Breakaway Episcopal conservatives have formed a rival Church, the Anglican Church in North America. Several overseas Anglicans have been pressuring the Anglican spiritual leader, Archbishop of Canterbury Rowan Williams, to officially recognize the new conservative entity.
The Reverend Kendall Harmon of the traditional Diocese of South Carolina, which recently voted to distance itself from the national church, said Saturday’s vote would further damage relations among Episcopalians, their fellow Anglicans and other Christians.
“This decision represents an intransigent embrace of a pattern of life Christians throughout history and the world have rejected as against biblical teaching,” said Harmon, an adviser to the diocesan bishop.
The 77-million-member Anglican Communion is a family of churches that trace their roots to the missionary work of the Church of England. Most overseas Anglicans are Bible conservatives.
In 2004, Anglican leaders had asked the Episcopal Church for a moratorium on electing another gay bishop while they tried to prevent a permanent break in the fellowship.
Since the request was made, some Episcopal gay priests were nominated for bishop, but none was elected before Glasspool. Last July, the Episcopal General Convention, the US Church’s top policy making body, affirmed that gay and lesbian priests were eligible to become bishops.
Jim Naughton of The Chicago Consultation, a group of Episcopal and Anglican clergy and lay people who advocate on behalf of gays and lesbians, called Glasspool’s election “a liberation.”

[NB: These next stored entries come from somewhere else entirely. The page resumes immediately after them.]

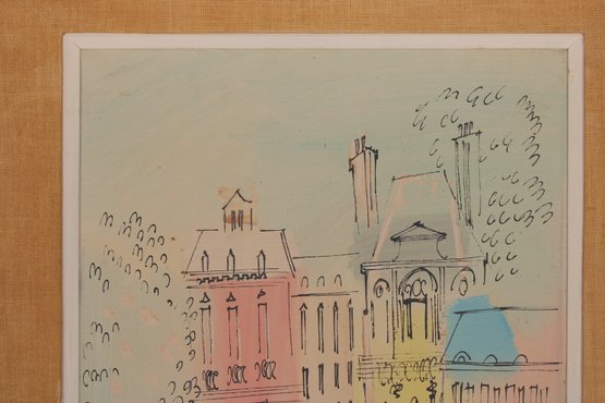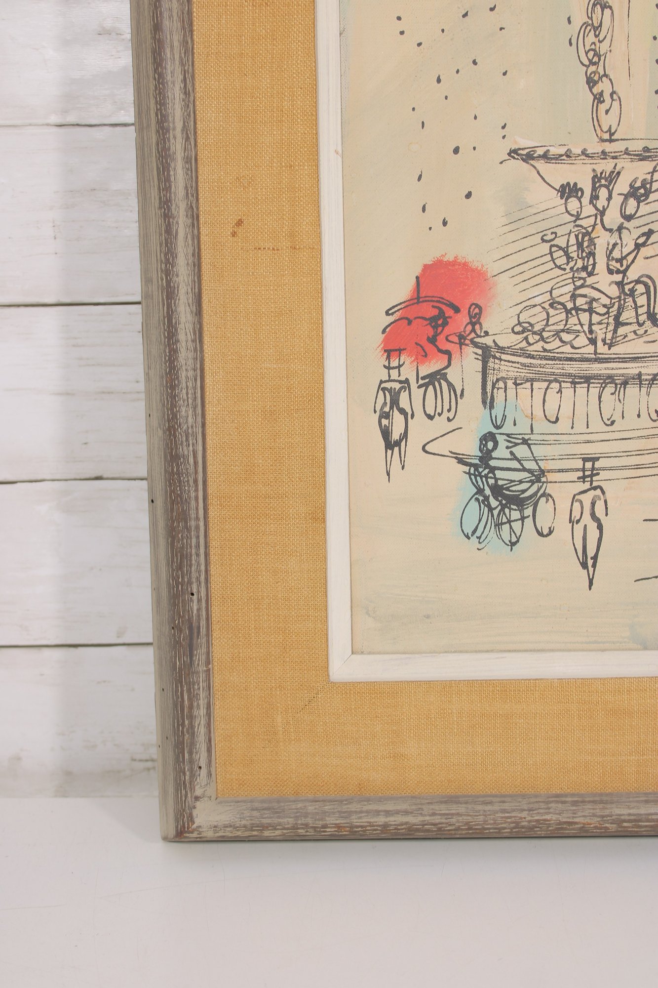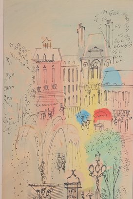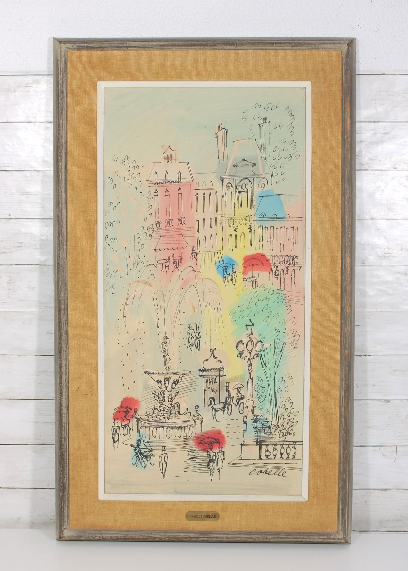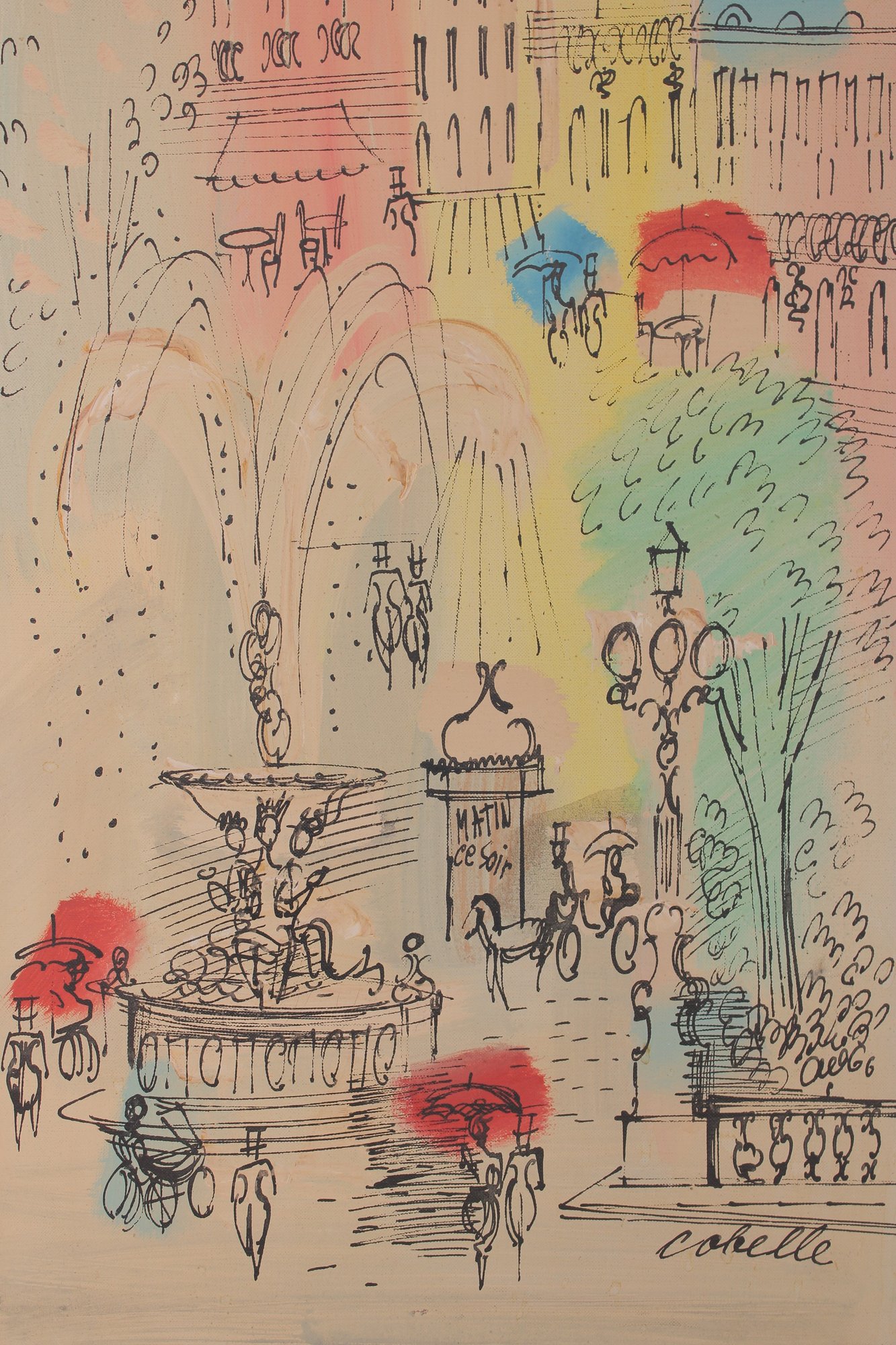 This piece captures a lively European cityscape with delicate linework and soft pastel washes, featuring architectural details, figures, and pops of color that bring the scene to life. Cobelle’s signature loose, expressive style is beautifully showcased, making this a timeless decorative artwork.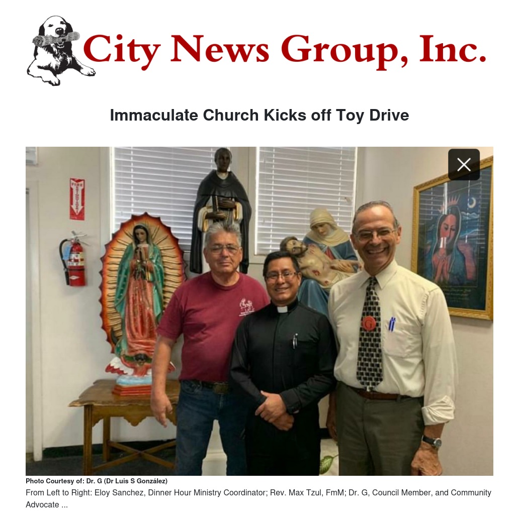 For the 33rd year, the Immaculate Church “Dinner Hour” program kicked off its annual Children’s Toy Drive last week with a donation from Dr.G, (Dr. Luis S Gonzalez) Council Member and well-known Community Advocate.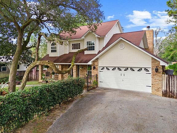 WATERFRONT Home! CONVENIENTLY located just minutes from the beaches of 30A and a short boat ride down the canal to Mallet Bayou and Choctawhatchee Bay. On a private no-through street. Southern style home with a well cultivated front courtyard, mature live oak trees and relaxing Koi pond. Back yard features an expansive deck off the house and a dock on the canal with a boat lift, ready for your boating adventures. Walking through the front door you get that grand entrance feeling in the foyer and notice the beautiful custom lighting. LVP flooring throughout whole home. Kitchen is open concept with sitting area and breakfast nook attached, along with a wood burning fireplace in the sitting area. Formal living space and dining room are adjacent for great entertainment options. A half bath is also conveniently located downstairs for easy guest access.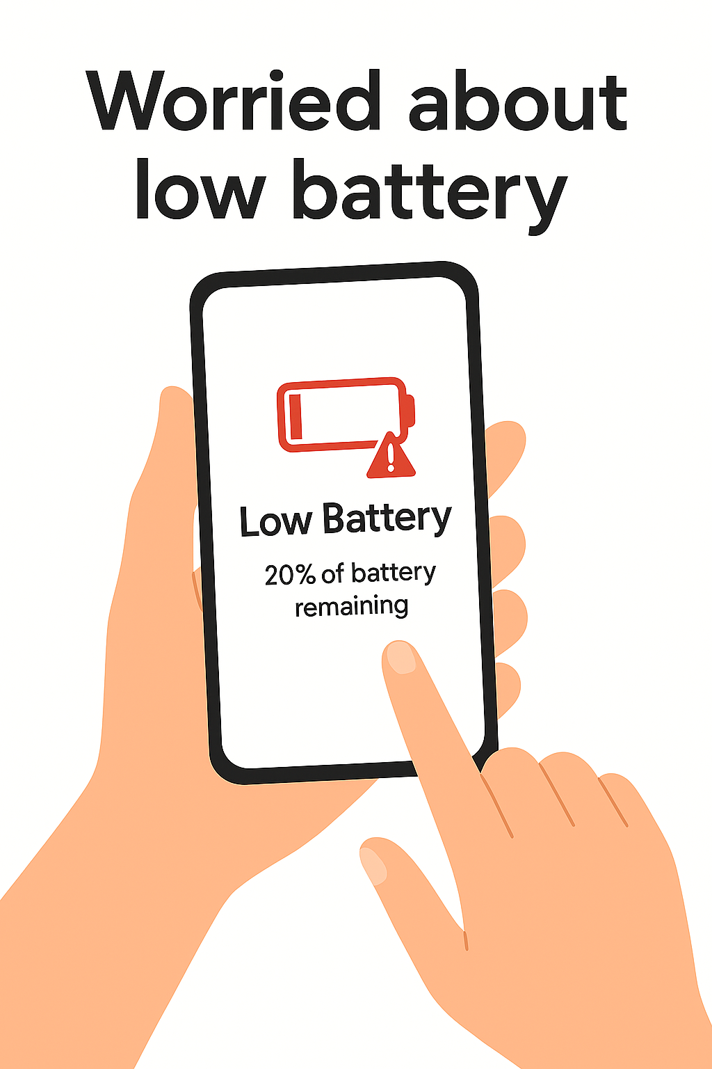 /Collection: /by davooda/Type: PNG/Digital illustration featuring a smartphone displaying a low battery warning, aimed at conveying urgency and awareness about battery life. Suitable for tech-related content.

“We’ve been around this issue for 30 years,” said Naughton, an adviser to the bishop of Washington. “It’s unreasonable to expect us to refrain from acting on the very prayerful conclusions that we’ve reached, especially when we think there are issues of justice involved.”
Robinson said he told Glasspool before the election that he was grateful she was willing to put herself in the stressful position of running for bishop.
“One of the reasons she is so the right person for this is that she knows who she is and she knows she belongs to God and she knows everything else falls in place when you keep that central,” Robinson said in a phone interview. “She’s no stranger to people who think she shouldn’t be a priest because she’s a woman, or think she shouldn’t be a priest because she’s a lesbian.”